IV. Successive
Same-Different Discrimination
Thus far, we have discussed the pigeon's classification of
variability for simultaneously presented array of icons. It was
possible that pigeons may be successful at extracting variability
within an array of icons, but be incapable of extracting
the variability present within a list of icons. Perceiving
array variability makes no memory demands and leverages the perceptual
system's ability to determine whether two or more items are the
same or different from one another. Perceiving list variability
makes significant memory demands (only one of the items is present
at any moment) and relies on the cognitive system to compare
a viewed item with one or more items that are stored in memory.
Thus, the classification of list variability may be far more
difficult than the classification of array variability.
We initially trained pigeons to discriminate lists of 16 identical
icons from lists of 16 different icons, where Same lists involve
minimal variability and Different lists involve maximal variability
(Young, Wasserman, & Dalrymple, 1997). Pigeons were subsequently tested with
novel lists consisting of all new icons (a transfer test) and
novel lists consisting of (a) mixtures of same and different
icons in various temporal locations within the list or (b) different
numbers of same and different items (Young et al., 1999). Through
the systematic exploration of the pigeon's responding to these
novel lists, we sought to determine the effective stimulus that
was controlling the pigeons' same-different report responses.
The successive version of the same-different task required
that the pigeon peck once at each of the 16 icons in the list
before the next icon was displayed. The simultaneous version
of the task required that the pigeon peck 16 times anywhere on
the 7 cm x 7 cm display. Forty-eight highly distinguishable Macintosh
icons were chosen as the total item pool; these icons were randomly
sorted into three sets of 16 icons each (Set 1, Set 2, and Set
3), and from these three 16-icon sets, 16-icon lists were constructed.

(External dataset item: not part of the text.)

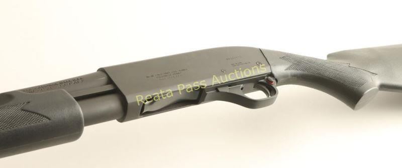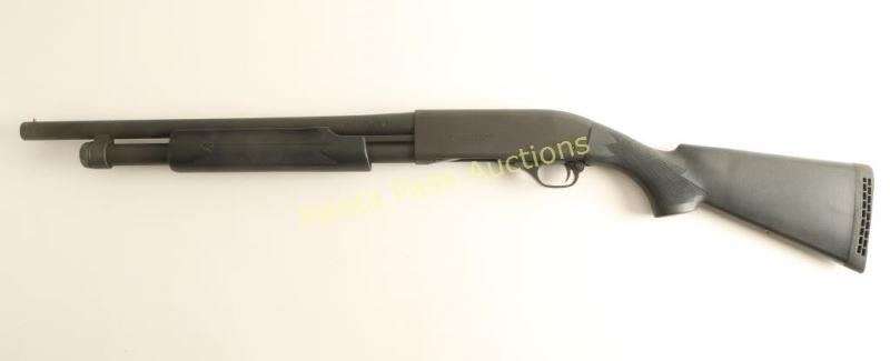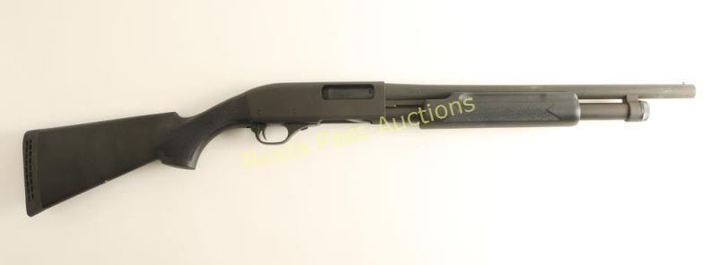 SN: NV506625 Chinese made slide action shotgun chambered for 2 3/4" & 3" 12 gauge shells. Features a parkerized finish, 18.5" barrel, 3/4 length tube magazine, brass bead front sight, smooth trigger, push button safety, checkered black synthetic slide handle and pistol grip shoulder stock with rubber recoil pad. Shotgun exhibits 96% of it's parkerized finish showing rubs and wear near the muzzle, Action is smooth, bore is excellent and synthetic stocks are fine. Condition is near excellent. ***Modern Firearm***

For any given Same list, a single icon from the appropriate set
was randomly chosen and used to make up a list of 16 identical
icons. For the Different arrays, all 16 of the icons of a set
were used with no repetitions. The 16 same or 16 different icons
were randomly distributed over 25 locations in a 5 x 5 grid.
During training, pecks to the green button on Same trials
or to the red button on Different trials were correct and were
reinforced with food; pecks to the red button on Same trials
or to the green button on Different trials were incorrect and
were punished by repetition of the trial until the correct response
was made. Button color was reversed for half of the subjects.
A Java
applet is available on-line that demonstrates the task (with
you playing the part of the pigeon). There are some differences
between the on-line task and the actual task (e.g., the Java
script alternates Same and Different trials for demonstration
purposes, whereas the original program used block randomization);
consult Young, Wasserman, and Dalrymple (1997) for procedural details.
Four pigeons were initially trained to discriminate 16-icon
lists constructed from either Set A or Set B (reaching an 85%
performance criterion) and were later tested with lists constructed
from a second set (Set B or Set A, respectively). In our group
of four pigeons, initial acquisition of same-different responding
was rapid (averaging 35 days), but we did not observe strong
transfer to novel 16-item lists; accuracy on training lists averaged
92% correct, but only 57% correct on new testing lists that were
created from 16 untrained icons. The pigeons were given further
training with lists comprising icons from either Set A or Set
B in an attempt to produce a more generalizable concept and were
then tested with lists constructed from a third set (Set C).
Acquisition of the same-different discrimination for the new
set (Set A or Set B) was very rapid (averaging 11 days), and
we now observed strong transfer to the novel 16-item lists constructed
from Set C; accuracy averaged 94% correct on training lists and
73% correct on the new testing lists. This finding closely corresponds
with other research on natural and abstract conceptualization
by both humans and nonhumans showing that larger sets of training
stimuli promote stronger generalization performance (see Wasserman,
1993 for a review).
This experiment therefore contributed an unprecedented finding:
namely, memory-based conceptualization by a nonhuman animal.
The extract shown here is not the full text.